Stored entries
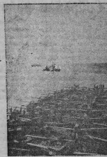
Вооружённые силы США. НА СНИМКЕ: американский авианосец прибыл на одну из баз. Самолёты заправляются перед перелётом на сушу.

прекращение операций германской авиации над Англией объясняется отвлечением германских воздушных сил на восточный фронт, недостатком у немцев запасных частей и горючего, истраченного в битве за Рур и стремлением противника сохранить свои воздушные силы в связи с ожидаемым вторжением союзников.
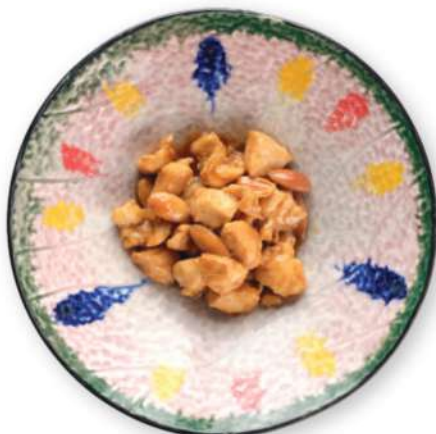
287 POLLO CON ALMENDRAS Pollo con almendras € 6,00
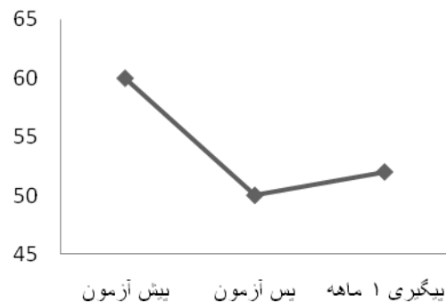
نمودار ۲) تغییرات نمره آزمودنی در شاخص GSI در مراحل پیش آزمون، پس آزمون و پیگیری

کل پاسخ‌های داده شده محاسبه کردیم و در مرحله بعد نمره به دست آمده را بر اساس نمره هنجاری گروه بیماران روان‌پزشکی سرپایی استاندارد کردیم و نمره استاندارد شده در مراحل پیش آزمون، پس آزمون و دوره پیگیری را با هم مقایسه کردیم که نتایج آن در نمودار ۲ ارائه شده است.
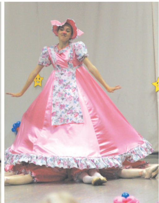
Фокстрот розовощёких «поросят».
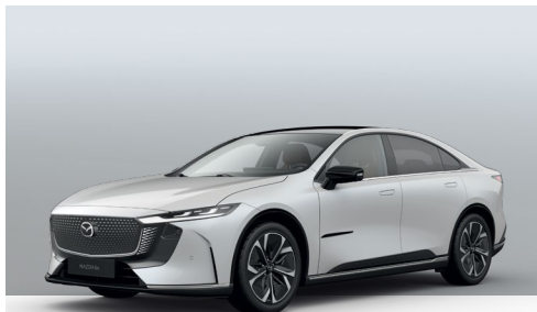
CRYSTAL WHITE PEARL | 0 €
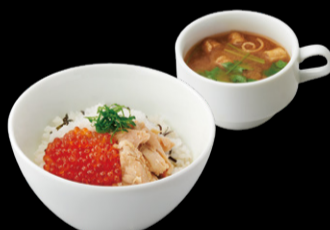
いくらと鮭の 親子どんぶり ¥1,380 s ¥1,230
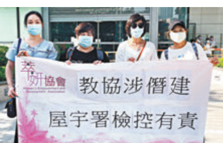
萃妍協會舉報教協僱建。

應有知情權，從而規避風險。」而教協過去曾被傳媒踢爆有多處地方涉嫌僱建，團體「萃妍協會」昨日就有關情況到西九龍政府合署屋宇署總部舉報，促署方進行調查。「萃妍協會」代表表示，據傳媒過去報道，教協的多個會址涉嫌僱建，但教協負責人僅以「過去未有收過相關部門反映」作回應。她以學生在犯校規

◆ **Your task**:
The reply needs to repeat exactly the line containing "کل پاسخ‌های داده" and each line after it, through the final line of the entries above, and to skip the pictures.

◆ **Your response**:
کل پاسخ‌های داده شده محاسبه کردیم و در مرحله بعد نمره به دست آمده را بر اساس نمره هنجاری گروه بیماران روان‌پزشکی سرپایی استاندارد کردیم و نمره استاندارد شده در مراحل پیش آزمون، پس آزمون و دوره پیگیری را با هم مقایسه کردیم که نتایج آن در نمودار ۲ ارائه شده است.
Фокстрот розовощёких «поросят».
CRYSTAL WHITE PEARL | 0 €
いくらと鮭の 親子どんぶり ¥1,380 s ¥1,230
萃妍協會舉報教協僱建。

應有知情權，從而規避風險。」而教協過去曾被傳媒踢爆有多處地方涉嫌僱建，團體「萃妍協會」昨日就有關情況到西九龍政府合署屋宇署總部舉報，促署方進行調查。「萃妍協會」代表表示，據傳媒過去報道，教協的多個會址涉嫌僱建，但教協負責人僅以「過去未有收過相關部門反映」作回應。她以學生在犯校規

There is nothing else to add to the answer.